# Isocompy Salar de Atacama application

We will explain an application of Isocompy in Salar de Atacama to clarify  the isocompy library usage on spatial and isotopic data to reach a group of models to estimate the spatio-temporal isotope values.
 
Isocompy is designed to reach a general estimation model when there is heterogeneity in number of available data between variables, or when not all measurments are available for all the observed samples (stations). The goal is to obtain seasonal isotopic models to be able to predict the isotope values in given time and space.

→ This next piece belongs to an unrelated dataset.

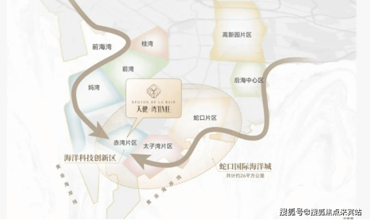 天健湾时代府(推广名:天健・湾 TIME),坐落于南山区赤湾六路与天后宫路交汇处东侧,是前海蛇口自贸区与蛇口国际海洋城双芯交汇的纯商品低密海景改善住区,由天健集团(国企)全资子公司深圳市天璟置地开发,天健物业自持管理,以稀缺海景、高得房率、纯粹社区,定义南山赤湾改善新标杆 [8][12]。

In this work, there is an acceptable amount of precipitation, relative humidity and temperature data in time ( the data doesn't have a good spatial variability), but  the isotopic observation data is limited and distributed in time intervals. More, the precipitation, relative humidity and temperature measurments are not available in the same time and/or space of the isotopic measurments.
To reach a general estimation of seasonal isotopic values, we will model generate a group of independent models for each of the precipitation, relative humidity and temperature, based on the spatial data for desired months. **We will call this group of meteorological models, stage 1 models.**



Then, because ther is not enough monthly data to have a meaningful isotopic monthly model, we will switch from monthly to seasonal models (in this case, a summer model for January, February and March): A seasonal isotopic model could contain isotope data from various month, integrated in a *season*. The precipitation, relative humidity and temperature values will be predicted in the coordination of isotopic measurments using stage 1 models, based on the date of isotopic observation date. Then the meteorological predicted values will be used to model isotopes. **We will call this group of meteorological models, stage 2 models.**

This work could be seperated to the following main steps:

1. Input data preparation and preprocessing


2. Constructing the meteorological models (stage 1)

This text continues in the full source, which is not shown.